In some embodiments of the present application, in order to determine the GPU hardware that needs to be started, contents of the GPU hardware resource table are disclosed, and the contents of the GPU hardware resource table include:
and the GPU hardware is correspondingly set with position information, performance resource values and power consumption values aiming at each GPU hardware.
In some embodiments of the present application, in order to avoid overload of GPU hardware due to a newly injected task, the overall resource balancing management method is improved, and the overall resource balancing management method further includes:
and determining and starting prepared GPU hardware according to the total needed GPU resource value and the GPU hardware resource table, wherein the prepared GPU hardware is used for preparing to run the newly added task.
In some embodiments of the present application, in order to avoid overload of the GPU hardware caused by a newly injected task, the method for determining the preparation GPU hardware includes:
determining a total required prepared resource value according to a preset proportion of the total required GPU resource value, and determining prepared GPU hardware needing to be called according to the GPU hardware resource table, wherein the performance resource value of the prepared GPU hardware is larger than or equal to the total required prepared resource value.

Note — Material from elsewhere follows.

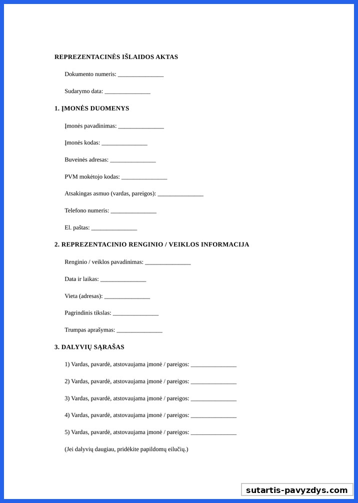 Reprezentacinės Išlaidos Aktas Pavyzdys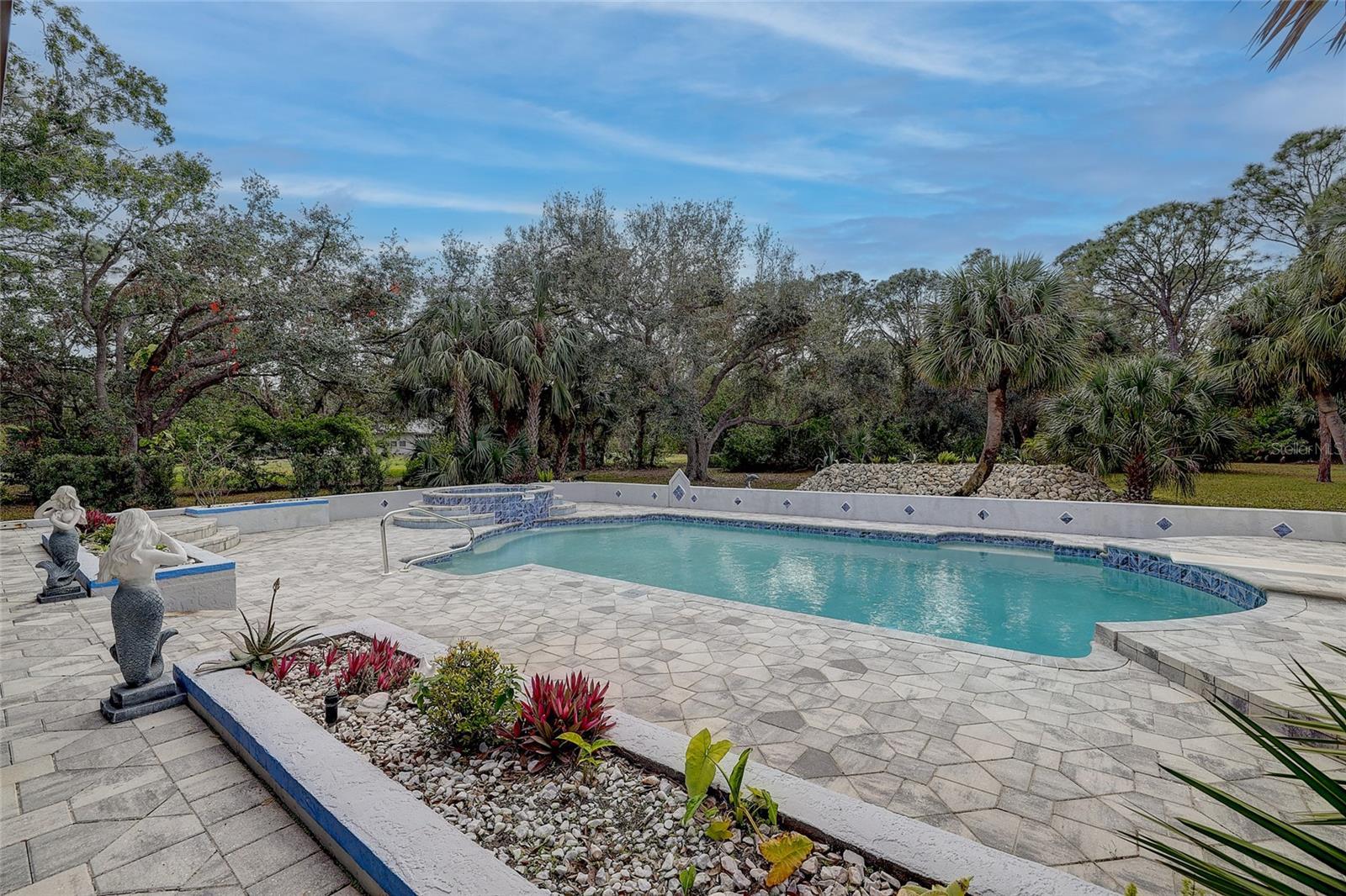 Experience Unmatched Luxury on 5 Serene Acres in Venice, Florida. Welcome to your private oasis—an exquisitely renovated estate offering the perfect blend of elegance, comfort, and space. Situated on 5 lush acres in beautiful Venice, FL, this 4-bedroom, 5-bathroom residence has been fully updated with a high-end design throughout. Here the main house has three bedrooms, each with private attached baths, and four full bathrooms. The detached guest house offers an additional bedroom and bathroom. Each spacious bedroom in this home offers its own en-suite bath, creating a true retreat for family and guests alike. Step inside to discover a light-filled, open-concept layout featuring soaring ceilings and loads of natural light. The chefs kitchen has endless countertops with brand new quartz stone surface, ample cabinetry and opens up into the massive great room. This oversized great room has cathedral ceilings, stacked stone and marble fireplace and a large entertaining area. The primary bedroom is a true retreat with vaulted ceilings, large walk-in closet, soaker tub and double vanity. There is an oversized glass door leading to the pool area. Here you will find true relaxation morning or night! Outdoors, enjoy Florida living at its finest. The expansive grounds are beautifully landscaped for privacy and tranquility, while the resort-style pool and spa provide a serene setting for relaxation or entertaining. Outside you have covered lanai, outdoor kitchen area, in-ground salt water pool with raised hot tub featuring a cantilever warerdall. And an expansive decorative paver area for hosting your friends and family. Whether you’re sipping coffee on the patio or hosting under the stars, this estate delivers the luxurious lifestyle you’ve been dreaming of—just minutes from beaches, golf, and downtown Venice. Horses and other livestock are permitted at this location. In the past three years this home has a new 30 year roof, impact windows and sliding doors, garage doors, three zones of new HVAC, and a completely rebuilt pool and spa. The list of upgrades goes on and on. Call today for your comprehensive list of upgrades or to schedule a showing today!

In some embodiments of the present application, a method for presetting the GPU hardware resource table is disclosed, and the method for presetting the GPU hardware resource table includes:
after the position information of the GPU hardware is obtained, sending a virtual task to the GPU hardware so as to enable the GPU hardware to run at full load;
evaluating the execution effect of the virtual task based on the GPU hardware to determine a performance resource value of the GPU hardware;
and when the GPU hardware runs at full load, acquiring the power consumption of the GPU hardware so as to determine the power consumption value of the GPU hardware.
In some embodiments of the present application, in order to determine the GPU hardware that needs to be booted, a method for applying the GPU hardware resource table is disclosed, and the method for applying the GPU hardware resource table includes:
and determining a plurality of GPU hardware as the GPU hardware needing to be started according to the total needed GPU resource value and the GPU hardware resource table, so that the total performance resource value of the GPU hardware needing to be started is larger than the total needed GPU resource value, and the total energy consumption value of the GPU hardware is the lowest.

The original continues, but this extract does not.